As of the 22nd February 2018 companies turning over more than $3 million must report to the Office of the Australian Information Commissioner (OAIC) and any individual affected if personal data are lost, stolen or leaked. Penalties for not doing so can incur substantial fines and/or penalties. For more details on whether or not your company is subject to these laws, please take a look at the subject to the new notifiable data breaches scheme.
How could my data be lost, stolen or leaked?
There are many ways which data can be lost, stolen or leaked, and we’ve listed just a few common methods below.
- A contact form on your website (by default all data is stored and sent without encryption)
- Online checkout form (although payment transactions are encrypted, the user details are stored in your database without encryption)
- Website hack to your database (which is normally not encrypted by default)
So how do you know if data has been leaked, breached or stolen?
A security audit can determine whether or not your site has been hacked or your data is exposed. If you’re using standard/default website software, contact forms, checkout/payment forms than it is best to have your site audited for vulnerabilities. If you’re unsure whether you’re using the standard/default setup or have security measures already in place, you can have this also checked – however it is unlikely to have security measures to be in place if this was not mentioned as a component or add-on to your website.
Here are a couple of audits worth doing if you’re unsure about your website security.
- Website status audit (determine whether or not any security systems are protecting your site, and if not, what systems could/should be implemented)

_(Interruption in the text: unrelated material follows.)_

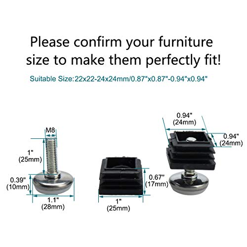 Sourcingmap, piedini di livellamento per mobili, adatti per steli quadrati, regolabili, ideali per gambe della scrivania o del tavolo, 4 pezzi

- Website vulnerability audit (can be run in conjunction with the above – this is to run some test against your website to determine and weak areas where website hacks could be possible)
Implement the base systems at least
Implementing a couple of base systems on your website is the best method for any organisation that is subject to Australia’s new notifiable data breaches scheme. Here at IDM2 we consider the following security measures as a base for any website wanting to minimise the risk of lost, stolen or leaked data.
- Secure checkout, contact and other forms (with encryption)
- Implementing SSL/HTTPS on your website
- Google Re-Captcha to prevent robots/crawlers accessing online forms.